One of the most popular iPad apps in Beijing at present is China Air Pollution Index. The app is both addictive and disturbing.
When I checked into a Beijing hotel recently, I found that – even from the 40th floor – I couldn’t see further than one block because of the grey smog enveloping the city. So I checked the numbers and discovered that the AQ level, which measures fine particulates that are especially dangerous, was 250 – about five times the level deemed safe.
A few weeks earlier I had experienced Beijing at 350, a level that made my eyes sting and lungs ache, even inside a car. Back in January it went as high as 1,000, at which point the US embassy urges people to remain indoors with the windows shut.
In fairness, when the wind blows the pollution away from Beijing, the sky can be blue and it is suddenly a pleasure to walk around. But a good day in Beijing is often a bad day elsewhere in the country.
Pollution in China is now so bad that it threatens to obscure the vision being laid out by Xi Jinping, the new president. Xi has popularised the idea of a “Chinese dream”, an obvious foil to the American dream. His dream seems to involve increasing wealth at home and increasing power abroad.
But the choking smog suggests that the leadership needs to rethink its national goals. After all, what is the point of rapid economic growth if it creates cities in which it is dangerous to breathe?
One study, published in The Lancet medical journal last year, suggested that air pollution might have caused about 1.2 million premature deaths in China in 2010 alone – a considerable figure even for a country of 1.3 billion people. Beijing has registered a 60 per cent rise in lung cancer cases in the past decade.
With pollution that bad, otherwise innocent sights take on a sinister aspect. Ma Jun, a prominent environmental activist, says that on days when the smog envelops the city he winces when he sees children playing football outdoors. Indeed many schools, foreign and Chinese, now forbid kids from playing outside on bad days.

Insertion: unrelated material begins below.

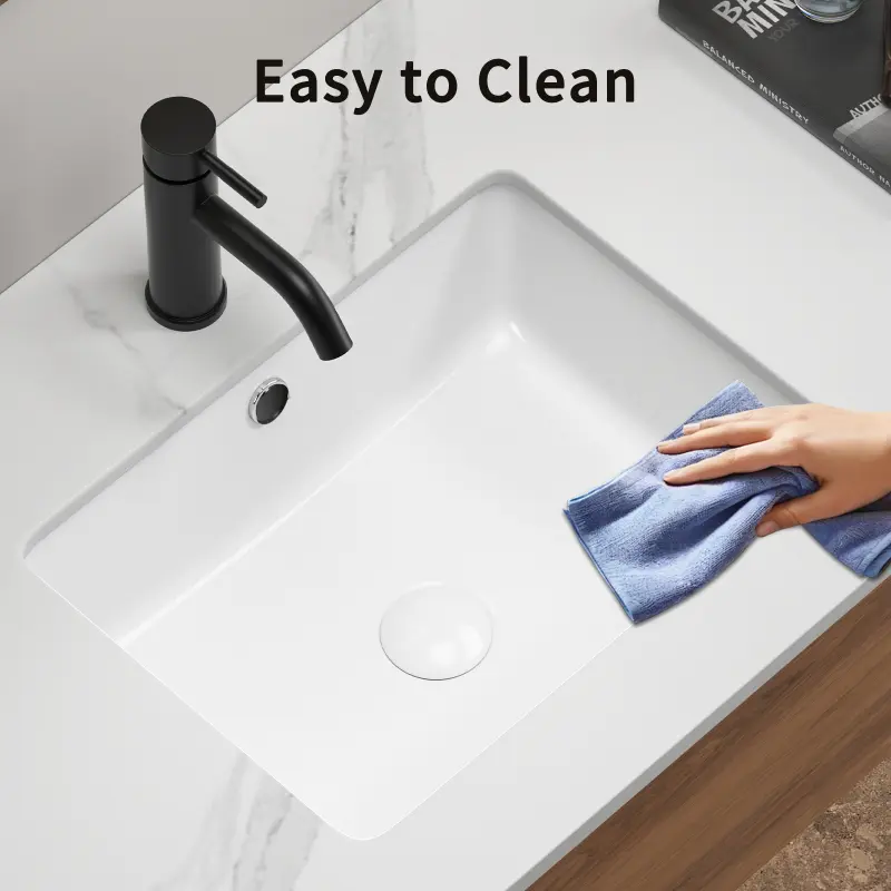 Long-Lasting Durability & Convenience-Made from solid porcelain, the Undermount Bathroom Sink provides exceptional durability and high shine. With a built-in overflow feature, this bathroom sink ensures water stays within the basin, preventing messy spills and helping keep your bathroom dry and clea

The pollution in Beijing is also an international embarrassment. The government went to great lengths to show the city off at its best during the 2008 Olympics, yet now the first thing any foreign visitor wants to talk about is the pollution, and many expats talk about leaving.
Even allowing for the installation of air filters in official residences, China’s leaders have to breathe the same air as their citizens. So one might expect them to make pollution their top priority. But the signs are that rapid growth remains goal number one.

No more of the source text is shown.